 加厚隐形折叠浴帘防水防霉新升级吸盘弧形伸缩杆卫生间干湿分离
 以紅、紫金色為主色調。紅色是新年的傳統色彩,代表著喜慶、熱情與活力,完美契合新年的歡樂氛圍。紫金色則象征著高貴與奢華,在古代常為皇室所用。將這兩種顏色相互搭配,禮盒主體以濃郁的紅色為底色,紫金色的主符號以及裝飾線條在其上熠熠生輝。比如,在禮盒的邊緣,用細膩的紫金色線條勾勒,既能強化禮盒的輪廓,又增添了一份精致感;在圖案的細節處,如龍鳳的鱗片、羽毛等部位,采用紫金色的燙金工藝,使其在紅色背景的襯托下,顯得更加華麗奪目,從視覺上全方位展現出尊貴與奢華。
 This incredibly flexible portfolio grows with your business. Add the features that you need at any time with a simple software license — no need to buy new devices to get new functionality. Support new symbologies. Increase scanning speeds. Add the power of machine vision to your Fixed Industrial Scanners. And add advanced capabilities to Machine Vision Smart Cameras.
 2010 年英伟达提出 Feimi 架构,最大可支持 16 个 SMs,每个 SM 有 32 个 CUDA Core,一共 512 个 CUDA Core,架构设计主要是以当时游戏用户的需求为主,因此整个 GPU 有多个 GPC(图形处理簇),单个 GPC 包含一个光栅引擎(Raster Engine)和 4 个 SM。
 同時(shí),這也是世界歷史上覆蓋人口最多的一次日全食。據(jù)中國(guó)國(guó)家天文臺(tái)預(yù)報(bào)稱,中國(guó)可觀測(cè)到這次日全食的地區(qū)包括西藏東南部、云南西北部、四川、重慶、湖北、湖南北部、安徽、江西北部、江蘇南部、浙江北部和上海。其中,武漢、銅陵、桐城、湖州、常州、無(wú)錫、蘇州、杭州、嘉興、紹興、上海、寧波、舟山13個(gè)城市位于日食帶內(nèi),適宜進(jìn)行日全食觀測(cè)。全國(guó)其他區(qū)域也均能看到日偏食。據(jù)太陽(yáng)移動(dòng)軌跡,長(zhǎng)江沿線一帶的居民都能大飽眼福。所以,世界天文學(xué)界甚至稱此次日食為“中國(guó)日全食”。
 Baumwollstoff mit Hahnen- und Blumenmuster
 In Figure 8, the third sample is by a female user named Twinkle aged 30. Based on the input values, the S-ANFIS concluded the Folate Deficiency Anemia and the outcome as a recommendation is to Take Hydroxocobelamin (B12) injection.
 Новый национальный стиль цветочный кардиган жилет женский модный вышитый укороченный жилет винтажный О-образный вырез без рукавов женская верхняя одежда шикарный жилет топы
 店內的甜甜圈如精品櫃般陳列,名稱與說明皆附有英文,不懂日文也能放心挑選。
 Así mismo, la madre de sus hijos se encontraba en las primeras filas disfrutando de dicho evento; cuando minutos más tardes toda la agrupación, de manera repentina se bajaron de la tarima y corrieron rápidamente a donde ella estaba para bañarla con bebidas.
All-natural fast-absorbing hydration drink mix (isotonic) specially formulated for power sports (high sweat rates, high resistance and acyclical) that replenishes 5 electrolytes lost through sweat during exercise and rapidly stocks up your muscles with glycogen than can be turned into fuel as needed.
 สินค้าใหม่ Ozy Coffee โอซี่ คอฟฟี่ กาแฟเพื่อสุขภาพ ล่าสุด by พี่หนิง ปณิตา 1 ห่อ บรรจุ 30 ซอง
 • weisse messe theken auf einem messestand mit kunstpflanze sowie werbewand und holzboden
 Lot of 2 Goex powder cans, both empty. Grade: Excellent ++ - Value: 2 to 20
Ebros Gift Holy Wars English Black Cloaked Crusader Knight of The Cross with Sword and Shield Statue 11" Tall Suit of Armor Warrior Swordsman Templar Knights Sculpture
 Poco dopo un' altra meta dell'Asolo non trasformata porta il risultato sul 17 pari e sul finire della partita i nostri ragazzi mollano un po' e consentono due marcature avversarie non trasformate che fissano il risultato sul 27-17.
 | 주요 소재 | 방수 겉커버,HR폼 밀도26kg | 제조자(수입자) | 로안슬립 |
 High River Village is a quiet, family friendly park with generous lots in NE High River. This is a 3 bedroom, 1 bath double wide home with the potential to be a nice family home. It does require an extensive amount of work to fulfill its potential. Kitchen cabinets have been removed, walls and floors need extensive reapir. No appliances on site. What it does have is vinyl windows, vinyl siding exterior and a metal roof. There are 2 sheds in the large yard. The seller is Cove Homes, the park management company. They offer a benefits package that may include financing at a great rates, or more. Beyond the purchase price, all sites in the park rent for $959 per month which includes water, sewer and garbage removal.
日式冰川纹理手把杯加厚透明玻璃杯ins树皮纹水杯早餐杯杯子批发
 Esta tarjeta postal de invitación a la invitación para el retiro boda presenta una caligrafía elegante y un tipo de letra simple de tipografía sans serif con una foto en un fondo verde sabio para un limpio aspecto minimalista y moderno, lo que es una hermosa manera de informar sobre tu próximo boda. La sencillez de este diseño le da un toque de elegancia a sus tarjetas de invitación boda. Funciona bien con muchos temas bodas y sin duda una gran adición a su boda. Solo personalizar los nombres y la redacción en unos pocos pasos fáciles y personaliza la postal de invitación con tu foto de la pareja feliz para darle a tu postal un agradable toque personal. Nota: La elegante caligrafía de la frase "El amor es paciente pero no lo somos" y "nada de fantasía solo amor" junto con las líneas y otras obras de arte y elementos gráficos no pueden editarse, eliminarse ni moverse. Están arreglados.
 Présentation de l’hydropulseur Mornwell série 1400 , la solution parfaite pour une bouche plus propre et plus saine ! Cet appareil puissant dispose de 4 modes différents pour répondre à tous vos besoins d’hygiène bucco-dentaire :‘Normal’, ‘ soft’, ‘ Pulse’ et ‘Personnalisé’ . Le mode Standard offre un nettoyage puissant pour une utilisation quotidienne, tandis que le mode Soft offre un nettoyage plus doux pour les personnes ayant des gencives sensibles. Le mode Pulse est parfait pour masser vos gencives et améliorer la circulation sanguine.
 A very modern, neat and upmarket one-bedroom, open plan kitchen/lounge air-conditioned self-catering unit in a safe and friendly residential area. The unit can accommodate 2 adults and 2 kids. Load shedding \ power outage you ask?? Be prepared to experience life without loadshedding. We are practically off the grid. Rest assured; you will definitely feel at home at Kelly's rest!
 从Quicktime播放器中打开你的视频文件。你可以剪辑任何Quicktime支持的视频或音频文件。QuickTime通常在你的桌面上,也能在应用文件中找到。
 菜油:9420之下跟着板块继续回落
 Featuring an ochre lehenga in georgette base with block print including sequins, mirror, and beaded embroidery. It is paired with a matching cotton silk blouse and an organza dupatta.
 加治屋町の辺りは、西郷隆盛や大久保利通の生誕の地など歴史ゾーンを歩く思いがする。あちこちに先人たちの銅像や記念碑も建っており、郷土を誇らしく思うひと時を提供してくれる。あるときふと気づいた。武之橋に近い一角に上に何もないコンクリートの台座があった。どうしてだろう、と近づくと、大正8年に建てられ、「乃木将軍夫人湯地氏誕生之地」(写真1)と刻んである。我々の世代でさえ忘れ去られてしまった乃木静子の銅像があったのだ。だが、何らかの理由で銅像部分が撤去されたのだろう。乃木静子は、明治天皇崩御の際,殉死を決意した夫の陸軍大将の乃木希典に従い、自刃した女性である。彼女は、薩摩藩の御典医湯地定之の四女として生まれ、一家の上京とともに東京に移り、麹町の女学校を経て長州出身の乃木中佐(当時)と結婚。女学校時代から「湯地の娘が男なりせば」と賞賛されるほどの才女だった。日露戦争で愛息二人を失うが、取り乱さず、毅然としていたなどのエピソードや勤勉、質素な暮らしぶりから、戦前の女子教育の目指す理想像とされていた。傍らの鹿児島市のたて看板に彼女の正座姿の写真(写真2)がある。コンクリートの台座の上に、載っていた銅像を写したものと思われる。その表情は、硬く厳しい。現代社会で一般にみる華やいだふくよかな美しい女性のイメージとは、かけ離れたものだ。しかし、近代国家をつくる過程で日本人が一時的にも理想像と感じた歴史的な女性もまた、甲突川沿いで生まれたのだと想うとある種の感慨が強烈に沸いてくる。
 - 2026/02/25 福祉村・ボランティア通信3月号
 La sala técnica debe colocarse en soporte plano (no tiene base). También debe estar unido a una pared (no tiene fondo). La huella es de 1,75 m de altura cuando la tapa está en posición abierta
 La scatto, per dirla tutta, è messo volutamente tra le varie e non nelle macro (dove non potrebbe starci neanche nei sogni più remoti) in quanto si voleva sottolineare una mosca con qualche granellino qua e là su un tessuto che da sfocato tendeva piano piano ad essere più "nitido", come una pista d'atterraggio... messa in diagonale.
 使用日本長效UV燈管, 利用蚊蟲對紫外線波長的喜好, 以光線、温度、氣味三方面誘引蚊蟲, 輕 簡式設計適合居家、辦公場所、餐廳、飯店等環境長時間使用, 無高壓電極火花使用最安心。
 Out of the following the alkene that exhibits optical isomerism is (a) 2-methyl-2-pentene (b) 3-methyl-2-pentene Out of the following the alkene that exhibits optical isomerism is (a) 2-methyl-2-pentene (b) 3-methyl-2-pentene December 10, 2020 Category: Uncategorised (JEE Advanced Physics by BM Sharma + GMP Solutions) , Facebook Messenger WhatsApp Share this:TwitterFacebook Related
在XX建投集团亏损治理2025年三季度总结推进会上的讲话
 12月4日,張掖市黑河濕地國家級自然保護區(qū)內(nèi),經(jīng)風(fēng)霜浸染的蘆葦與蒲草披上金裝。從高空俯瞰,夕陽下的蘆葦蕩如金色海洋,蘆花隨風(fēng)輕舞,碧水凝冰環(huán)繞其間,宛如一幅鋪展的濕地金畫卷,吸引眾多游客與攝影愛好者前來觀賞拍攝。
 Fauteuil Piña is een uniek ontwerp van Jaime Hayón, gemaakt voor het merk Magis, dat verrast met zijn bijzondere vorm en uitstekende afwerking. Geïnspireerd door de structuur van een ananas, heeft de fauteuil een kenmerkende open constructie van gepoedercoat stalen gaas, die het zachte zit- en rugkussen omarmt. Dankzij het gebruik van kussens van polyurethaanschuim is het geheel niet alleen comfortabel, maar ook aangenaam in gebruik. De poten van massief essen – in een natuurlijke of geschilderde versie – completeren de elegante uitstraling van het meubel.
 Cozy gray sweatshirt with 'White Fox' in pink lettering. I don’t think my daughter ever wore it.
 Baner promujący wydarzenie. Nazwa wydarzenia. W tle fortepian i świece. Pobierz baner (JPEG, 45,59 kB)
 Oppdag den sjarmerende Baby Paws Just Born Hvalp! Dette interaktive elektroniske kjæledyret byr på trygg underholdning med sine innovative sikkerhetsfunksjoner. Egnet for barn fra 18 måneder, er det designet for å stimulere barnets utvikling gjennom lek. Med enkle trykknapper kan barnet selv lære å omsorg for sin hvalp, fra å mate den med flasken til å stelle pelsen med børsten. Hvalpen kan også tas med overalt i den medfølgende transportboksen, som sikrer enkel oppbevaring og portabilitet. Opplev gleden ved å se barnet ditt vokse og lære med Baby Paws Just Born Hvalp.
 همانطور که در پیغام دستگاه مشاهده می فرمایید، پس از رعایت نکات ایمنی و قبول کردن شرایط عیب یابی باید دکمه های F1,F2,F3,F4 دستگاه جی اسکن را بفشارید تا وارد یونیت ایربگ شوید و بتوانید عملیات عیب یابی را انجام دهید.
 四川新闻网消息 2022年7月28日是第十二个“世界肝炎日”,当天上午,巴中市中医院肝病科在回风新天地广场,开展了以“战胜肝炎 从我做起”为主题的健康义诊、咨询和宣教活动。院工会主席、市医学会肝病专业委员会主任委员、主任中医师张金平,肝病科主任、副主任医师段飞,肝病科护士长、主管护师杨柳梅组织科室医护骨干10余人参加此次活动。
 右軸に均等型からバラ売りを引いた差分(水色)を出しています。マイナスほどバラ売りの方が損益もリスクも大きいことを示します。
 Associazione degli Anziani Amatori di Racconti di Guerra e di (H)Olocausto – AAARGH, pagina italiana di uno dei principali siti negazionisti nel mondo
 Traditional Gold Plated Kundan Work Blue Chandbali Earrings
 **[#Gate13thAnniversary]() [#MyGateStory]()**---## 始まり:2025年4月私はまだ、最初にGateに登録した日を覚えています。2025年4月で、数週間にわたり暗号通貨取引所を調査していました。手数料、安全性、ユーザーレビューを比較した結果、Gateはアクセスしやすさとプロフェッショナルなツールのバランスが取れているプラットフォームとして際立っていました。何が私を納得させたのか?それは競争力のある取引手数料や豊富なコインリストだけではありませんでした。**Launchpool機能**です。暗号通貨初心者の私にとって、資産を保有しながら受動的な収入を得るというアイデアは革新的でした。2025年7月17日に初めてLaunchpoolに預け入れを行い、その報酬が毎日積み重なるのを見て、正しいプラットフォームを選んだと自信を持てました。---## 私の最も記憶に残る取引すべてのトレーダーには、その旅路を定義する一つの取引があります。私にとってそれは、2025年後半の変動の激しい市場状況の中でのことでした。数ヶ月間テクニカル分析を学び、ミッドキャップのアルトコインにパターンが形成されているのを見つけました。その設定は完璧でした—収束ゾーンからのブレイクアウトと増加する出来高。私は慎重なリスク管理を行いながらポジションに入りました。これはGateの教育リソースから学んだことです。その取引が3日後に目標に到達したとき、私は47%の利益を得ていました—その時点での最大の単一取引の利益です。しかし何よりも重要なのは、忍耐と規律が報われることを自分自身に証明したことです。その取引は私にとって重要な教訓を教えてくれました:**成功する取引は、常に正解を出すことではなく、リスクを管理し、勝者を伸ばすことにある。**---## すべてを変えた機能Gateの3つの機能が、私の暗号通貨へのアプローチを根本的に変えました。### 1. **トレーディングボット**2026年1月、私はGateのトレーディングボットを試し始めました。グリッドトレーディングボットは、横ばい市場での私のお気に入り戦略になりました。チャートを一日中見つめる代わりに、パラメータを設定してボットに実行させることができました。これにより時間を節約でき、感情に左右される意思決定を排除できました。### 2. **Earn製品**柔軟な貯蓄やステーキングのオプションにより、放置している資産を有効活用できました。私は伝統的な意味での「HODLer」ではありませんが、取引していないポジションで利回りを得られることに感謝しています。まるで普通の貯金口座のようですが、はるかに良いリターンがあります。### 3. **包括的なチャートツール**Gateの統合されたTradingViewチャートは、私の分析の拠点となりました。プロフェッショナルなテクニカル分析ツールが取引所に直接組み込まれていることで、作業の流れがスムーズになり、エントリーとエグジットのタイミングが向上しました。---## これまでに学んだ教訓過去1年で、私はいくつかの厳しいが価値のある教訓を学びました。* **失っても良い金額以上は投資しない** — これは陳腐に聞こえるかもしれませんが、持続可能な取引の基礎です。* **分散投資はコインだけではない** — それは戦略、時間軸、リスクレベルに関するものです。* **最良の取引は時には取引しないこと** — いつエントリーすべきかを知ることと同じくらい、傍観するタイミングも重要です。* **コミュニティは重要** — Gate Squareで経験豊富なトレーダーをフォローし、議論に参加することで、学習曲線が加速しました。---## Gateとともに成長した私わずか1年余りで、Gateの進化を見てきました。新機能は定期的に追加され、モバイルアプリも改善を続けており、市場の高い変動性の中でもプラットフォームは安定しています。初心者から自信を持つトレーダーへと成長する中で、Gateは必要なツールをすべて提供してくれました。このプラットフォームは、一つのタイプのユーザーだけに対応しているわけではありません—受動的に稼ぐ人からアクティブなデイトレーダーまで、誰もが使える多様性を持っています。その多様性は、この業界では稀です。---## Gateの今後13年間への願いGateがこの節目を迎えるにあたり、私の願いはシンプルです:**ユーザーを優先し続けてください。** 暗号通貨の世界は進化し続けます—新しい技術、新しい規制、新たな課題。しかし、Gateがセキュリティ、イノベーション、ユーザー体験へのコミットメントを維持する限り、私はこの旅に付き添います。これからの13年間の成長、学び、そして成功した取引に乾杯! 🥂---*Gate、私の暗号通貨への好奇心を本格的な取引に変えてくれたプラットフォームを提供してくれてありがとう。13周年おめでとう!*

## Exercise
The required output is the stretch of entries above from the line containing "Cozy gray sweatshirt" through the line containing "Traditional Gold Plated", reproduced exactly.

## Answer for this exercise
 Cozy gray sweatshirt with 'White Fox' in pink lettering. I don’t think my daughter ever wore it.
 Baner promujący wydarzenie. Nazwa wydarzenia. W tle fortepian i świece. Pobierz baner (JPEG, 45,59 kB)
 Oppdag den sjarmerende Baby Paws Just Born Hvalp! Dette interaktive elektroniske kjæledyret byr på trygg underholdning med sine innovative sikkerhetsfunksjoner. Egnet for barn fra 18 måneder, er det designet for å stimulere barnets utvikling gjennom lek. Med enkle trykknapper kan barnet selv lære å omsorg for sin hvalp, fra å mate den med flasken til å stelle pelsen med børsten. Hvalpen kan også tas med overalt i den medfølgende transportboksen, som sikrer enkel oppbevaring og portabilitet. Opplev gleden ved å se barnet ditt vokse og lære med Baby Paws Just Born Hvalp.
 همانطور که در پیغام دستگاه مشاهده می فرمایید، پس از رعایت نکات ایمنی و قبول کردن شرایط عیب یابی باید دکمه های F1,F2,F3,F4 دستگاه جی اسکن را بفشارید تا وارد یونیت ایربگ شوید و بتوانید عملیات عیب یابی را انجام دهید.
 四川新闻网消息 2022年7月28日是第十二个“世界肝炎日”,当天上午,巴中市中医院肝病科在回风新天地广场,开展了以“战胜肝炎 从我做起”为主题的健康义诊、咨询和宣教活动。院工会主席、市医学会肝病专业委员会主任委员、主任中医师张金平,肝病科主任、副主任医师段飞,肝病科护士长、主管护师杨柳梅组织科室医护骨干10余人参加此次活动。
 右軸に均等型からバラ売りを引いた差分(水色)を出しています。マイナスほどバラ売りの方が損益もリスクも大きいことを示します。
 Associazione degli Anziani Amatori di Racconti di Guerra e di (H)Olocausto – AAARGH, pagina italiana di uno dei principali siti negazionisti nel mondo
 Traditional Gold Plated Kundan Work Blue Chandbali Earrings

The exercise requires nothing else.